あのハープを弾くやつがおそらく回復役だろうから。
ジジは、うまく毛玉の端っこに引火させてから毛玉を打ち返そうと、それまで高速で振り続けていたヌンチャクを再度握りなおす。
その時。
毛玉にひっついて白目を向く、ちいさな犬と目があった。
ジジのヌンチャクを振る手が、ぶれた。
============
*
ジジがヌンチャクを操ったのか、毛玉を避けるように竜巻が大きく歪んだ。
だがそれが逆に刺激になったようで、竜巻に巻き込まれている赤いスライムが一段と炎を噴きだした。
小さな犬のくっついた巨大な毛玉の端に、小さいが火が灯る。
それが小さな犬を巻き込んで大爆発する前に、ジジを守る竜巻が大きく膨張して炎やスライムと共に上空へと巻き上がり、爆発して消えた。
竜巻の中に居た赤いスライムだったものが降り注ぐ中。
厚い雲が消え去り日が注ぐ地面には小さな犬を守るように倒れる、傷だらけの小さな女の子の姿があった。
あの時プックの毛玉に灯った火。
ジジがそれに気づいたのか、竜巻の維持に失敗したのか俺達には分からないが。
ピ「優しい小さな女の子すら戦わせる魔王、か・・・」
ピンキーには、何か思うところがあったようだ。
ポ「とりあえず、あの2人を確保して治療しましょう。
大切な交渉材料になりそうですし」
ポニーさんの言葉で、その辺にほったらかしになっていた荷物からロープを出しに向かう。
ハーピーと戦っていたザンアクロスも、ぼろ雑巾のようになって、ピクリとも動かず雨上がりのぬかるみに、うつ伏せに倒れていた。
と、辺りが急に闇に覆われた。
ポ「なんですかこれは!」
若〔視界がききませんわ!〕
ニ『ピンキーなんかした!?』
ピ「なんで俺!? まさか新手の魔族・・・!」
?「皆こっちー」
焦る俺達の声に混ざって、この場では聞かなかった声が響いた。
ピ「誰だ!」
?「2人共大丈夫!? 回復させるね」
また、同じ声が聞こえる。増援か!
でもなんかこの声、どっかで聞いた気がするんだよなぁ・・・?
プ「うーん。
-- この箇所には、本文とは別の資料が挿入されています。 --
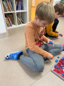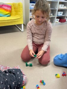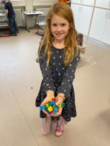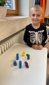 Heute hat sich die Klasse 1b mit sogenannten Tetrominos beschäftigt. Tetrominos sind Formen, die aus genau vier gleich großen Quadraten bestehen, die aneinandergelegt sind. Vielleicht kennen einige sie auch aus dem bekannten Spiel „Tetris“. Die Kinder haben die verschiedenen Tetromino-Formen gemeinsam entdeckt und gezeichnet. Anschließend durften sie die Formen mit bunten Steckwürfeln nachbauen. Dabei war viel Geschick gefragt – und natürlich auch Teamarbeit. Mit großer Begeisterung und viel Motivation waren alle Kinder bei der Sache. So wurde nicht nur das räumliche Denken gefördert, sondern auch die Freude an Mathematik spielerisch geweckt und die neue Zahl 4 auf spielerische Weise neu entdeckt

・・・あ、ザンさんとクむごがぁ!」
プックが誰かの名前を言いかけるが、すぐにくぐもった声に変わる。
ジ「こんぬづわ!」
?「こんぬづわ!」
ザ「こんぬづわ、ひさしぶり~」
プ「こんぬずあ!」
ジ「プック違う、こんぬづわ!」
プ「ぬづあ!」
?「挨拶いいから早くこっ・・・」
闇の向こうでわちゃわちゃとした会話が聞こえていたが、それが急に途切れた。
それと同時に闇が晴れ、太陽が顔を出した。
ピ「ザンアクロスの転移魔法・・・か」
ピンキーが静かに告げる。
その足元では、ザンアクロスの体型そっくりに作られたケダマの塊が、ぬかるみに倒れていた。
ピ「俺の鼻でも、気づけなかったよ」
くやしそうなピンキー。
急な闇で視覚を奪われたとはいえ、ピンキーはすぐに臭いで追おうとしたらしい。
しかし。
臭いは、ぱったりと途切れたそうだ。
ポ「転移・・・。相手が使ってくると厄介ですね」
若〔わたくし達のとは異なり、細かい距離の移動が可能なようですわね〕
地面には竜巻にいた赤いスライムが煙を出して燃えていた。
あのジジって子の置き土産だな。
たまたまなのか作戦なのかは知らないけど、上手く逃げられてしまった。
誰かが、フッとため息をつく。
もうすぐ銀達が来るはずだ。
それまで、また襲われないようにしないと。
次回メモ:合流
いつも読んでいただき、ありがとうございます!!!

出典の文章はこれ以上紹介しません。